30 Jahre Freiheit - Quo vadis, Mitteleuropa?

Deutsch-Tschechischer Tag in Brünn

Wie gestalten sich die Beziehungen der mitteleuropäischen Länder mit Deutschland 30 Jahre nach dem Fall der kommunistischen Regime? Welches sind die gemeinsamen Projekte und Prioritäten für die Zukunft? Und wie sehen die mitteleuropäischen Staaten ihre zukünftige Rolle in der Europäischen Union?

Details

Deutsch-Tschechischer Tag 2019 KAS Prag
Deutsch-Tschechischer Tag 2019
Die Konferenz findet im Rahmen des Deutsch-Tschechischen Tages statt, der seit 2009 vom Internationalen Politikwissenschaftlichen Institut (IIPS) der Masaryk-Universität in Brünn und der Konrad-Adenauer-Stiftung durchgeführt wird.

An der diesjährigen Konferenz in Brünn nehmen  u.a. der deutsche Botschafter in der Tschechischen Republik Christoph Israng, der tschechische Senator Václav Hampl, Gergely Prőhle von der Nationalen Universität für den öffentlichen Dienst in Budapest sowie Jerzy Maćków von der Universität Regensburg teil.

Eine Anmeldung ist erforderlich. Sie können sich hier registrieren.
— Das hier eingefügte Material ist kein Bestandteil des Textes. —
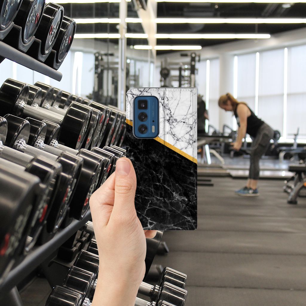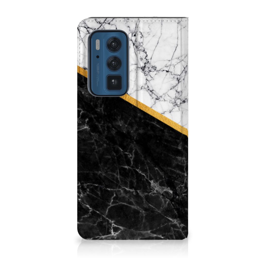 Motorola Edge 20 Pro Standcase Marmer Wit Zwart - Origineel Cadeau Man
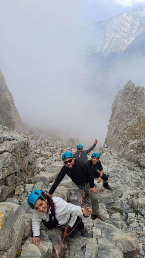 The climb to Mytikas peak at an altitude of 2918 meters will take place on Saturday afternoon or on Sunday morning depending on the weather conditions and the mood of the team. The ascent will be done with the use of appropriate climbing safety equipment (helmet, climbing zone, rope) and the help of experienced guides and climbing instructors. The ascent to the top will take about 3 hours.
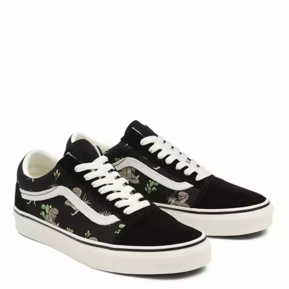 Featuring snake and cactus graphics, the Desert Old Skool pays homage to our heritage while ensuring that this low top, lace-up shoe remains as iconic as ever. It also includes durable suede and textile uppers, re-enforced toe caps, supportive padded collars, and signature rubber waffle outsoles.
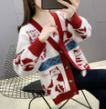 Cat Lovers - This Cartoon Cat V Neck Cardigan is made for you! Unique kawaii design that you won't find easily elsewhere! They're warm and comfy to wear!
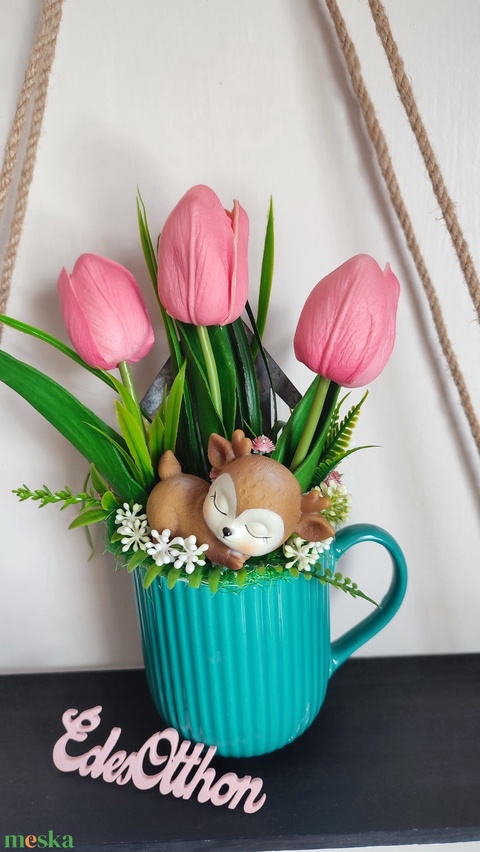 Őzikés bögrés tavaszi dekoráció – „Édes Otthon”
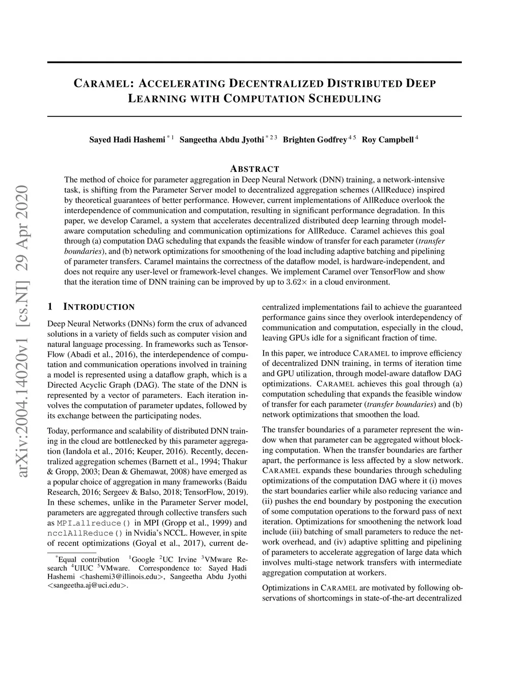The method of choice for parameter aggregation in Deep Neural Network (DNN) training, a network-intensive task, is shifting from the Parameter Server model to decentralized aggregation schemes (AllReduce) inspired by theoretical guarantees of better performance. However, current implementations of AllReduce overlook the interdependence of communication and computation, resulting in significant performance degradation. In this paper, we develop Caramel, a system that accelerates decentralized distributed deep learning through model-aware computation scheduling and communication optimizations for AllReduce. Caramel achieves this goal through (a) computation DAG scheduling that expands the feasible window of transfer for each parameter (transfer boundaries), and (b) network optimizations for smoothening of the load including adaptive batching and pipelining of parameter transfers. Caramel maintains the correctness of the dataflow model, is hardware-independent, and does not require any user-level or framework-level changes. We implement Caramel over TensorFlow and show that the iteration time of DNN training can be improved by up to 3.62x in a cloud environment.
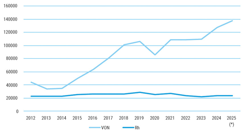 El mercado de vivienda se ha fortalecido en 2024 y 2025 por los descensos registrados por los tipos de interés, tanto del Euribor a 12 meses como por los de los préstamos a comprador de vivienda. De un tipo medio mensual del 4,33% en octubre de 2023 de los préstamos a comprador de vivienda se ha pasado a un tipo del 2,79% en agosto de 2025 (Fig. 12). Dicho descenso no solo ha abaratado las cuotas de los préstamos a largo plazo para compra de viviendas, sino que han actuado como revulsivo en la compra de vivienda como activo, mejorando la rentabilidad neta de la misma.
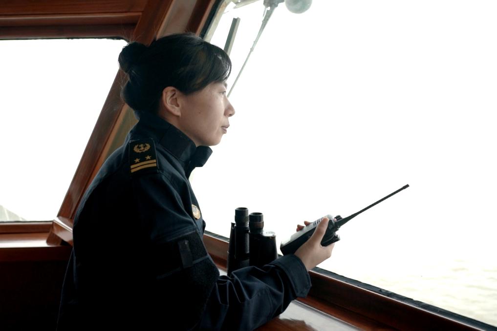 在寬敞明亮的駕駛臺,英姿颯爽的詹春珮手持對講機,有條不紊地指揮全船上下協調配合,順利駕駛“海巡01”輪緩緩駛離碼頭,直奔長江口目標海域執行專項巡航執法任務。
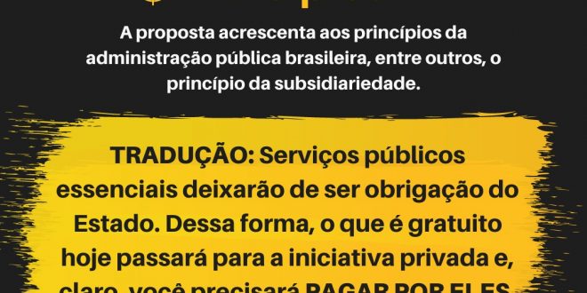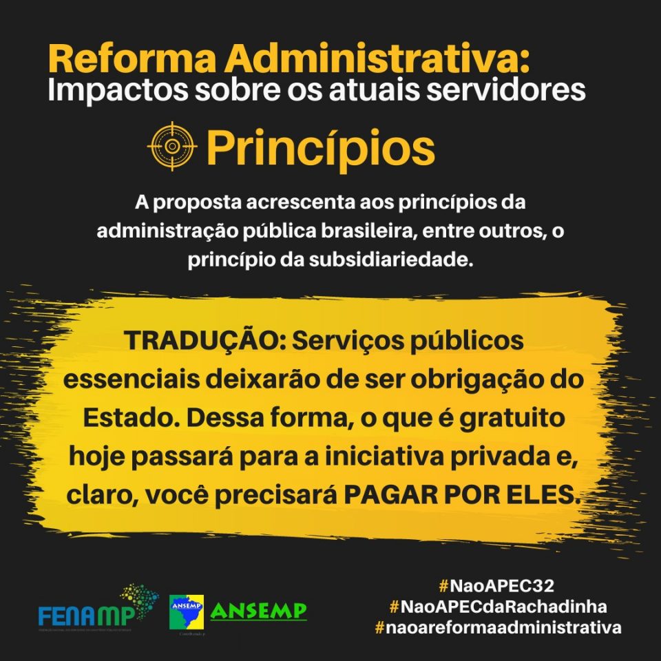 O governo alega que a Reforma Administrativa não terá impacto sobre os atuais servidores. A verdade é que a Reforma irá afetar não apenas os atuais e novos servidores, mas toda a população. Com a mudança nos princípios da administração pública, serviços públicos essenciais deixarão de ser obrigação do Estado, podendo passar para a iniciativa privada, que cobrará por eles.
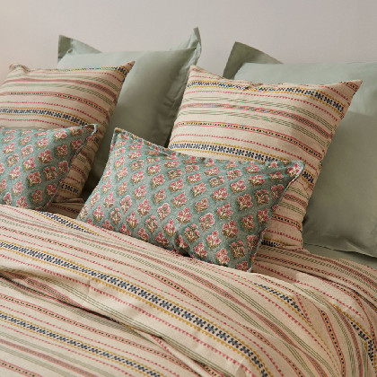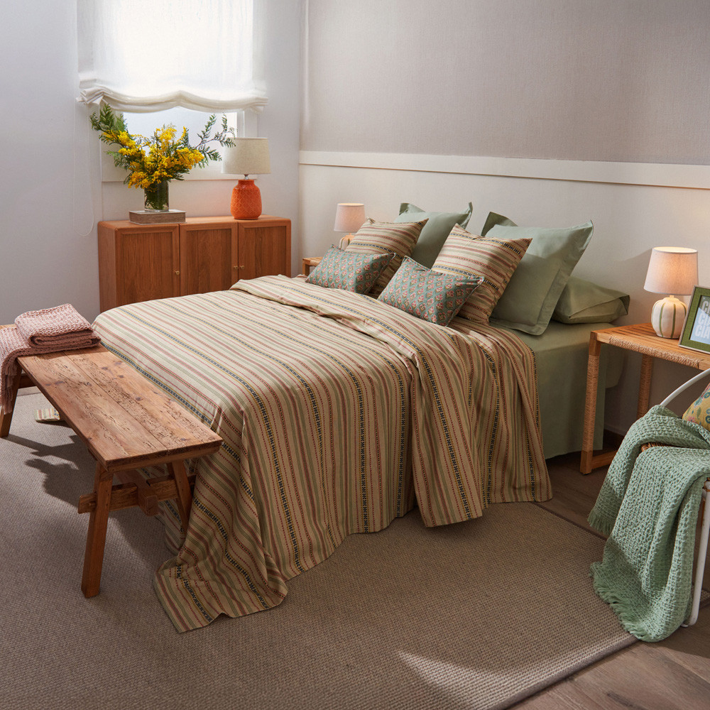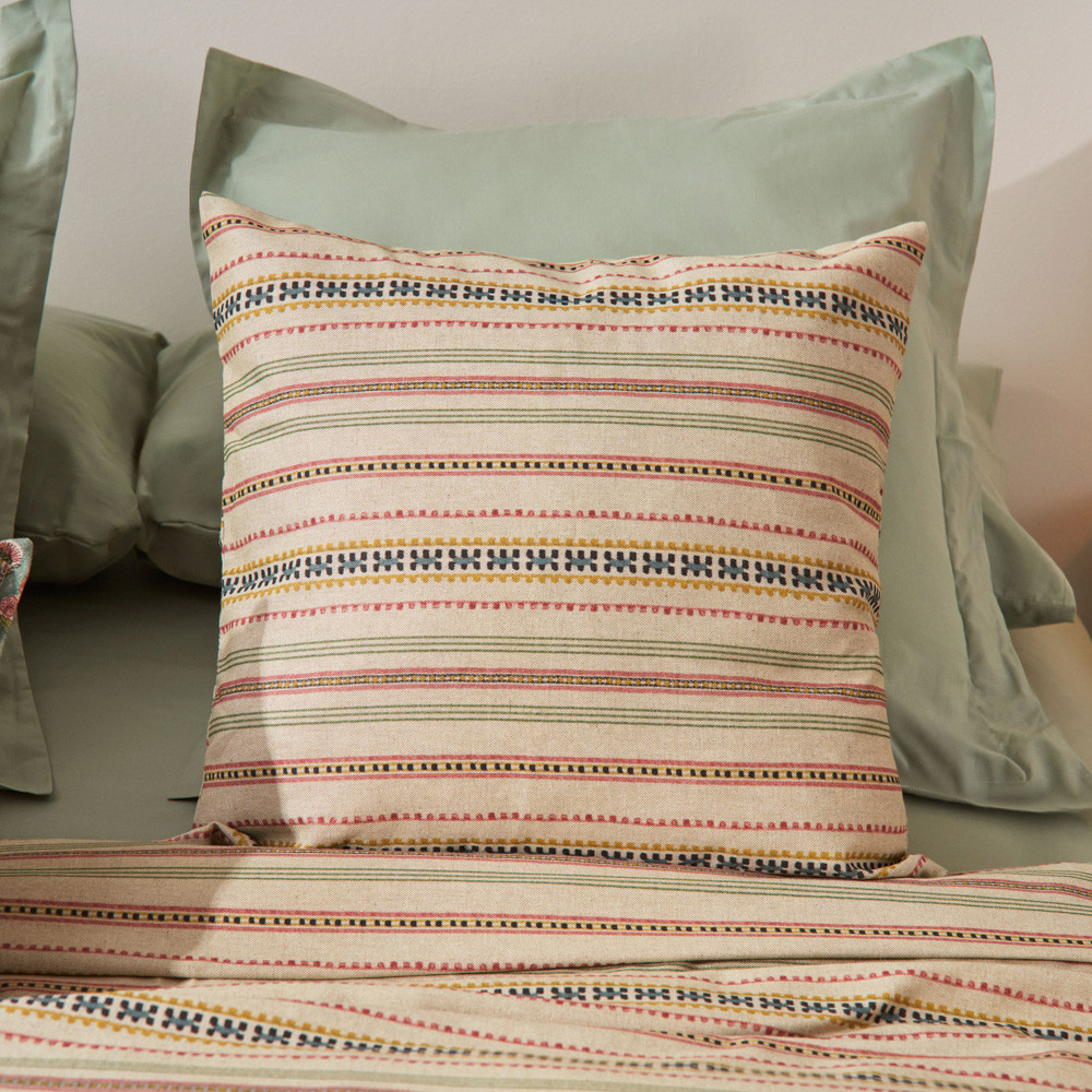 Funda de coixí de disseny 100% cotó de 144 fils estampat amb una pestanya decorativa de 2 cm al voltant. Amb tancament de solapa. El teixit de cotó és transpirable, hipoalergènic i de tacte suau. Proporciona frescor en les nits d'estiu i calidesa a les nits fredes. Aquest producte té el certificat Oeko-Tex 100, que demostra que s'ha eliminat qualsevol substància nociva en el procés de producció, és segur per a la salut humana. Els moderns i acollidors estampats dels teixits proporcionaran un nou aspecte al seu dormitori. Combinable amb les nostres col·leccions de llençols i fundes nòrdiques. Fabricat a Portugal.

Die Konferenzsprachen sind Tschechisch, Slowakisch und Deutsch. Eine Simultanübersetzung ist vorgesehen.

Programm

10.00-10.15 Begrüßungswort

Vít Hloušek, Direktor des Internationalen Politikwissenschaftlichen Instituts der Masaryk-Universität
Matthias Barner, Leiter des Auslandbüros der Konrad-Adenauer-Stiftung in Tschechien und in der Slowakei

10.15-12.00 Erstes Panel: Deutschland und die Visegrad-Gruppe: Gemeinsame Zukunft oder wachsende Differenzen?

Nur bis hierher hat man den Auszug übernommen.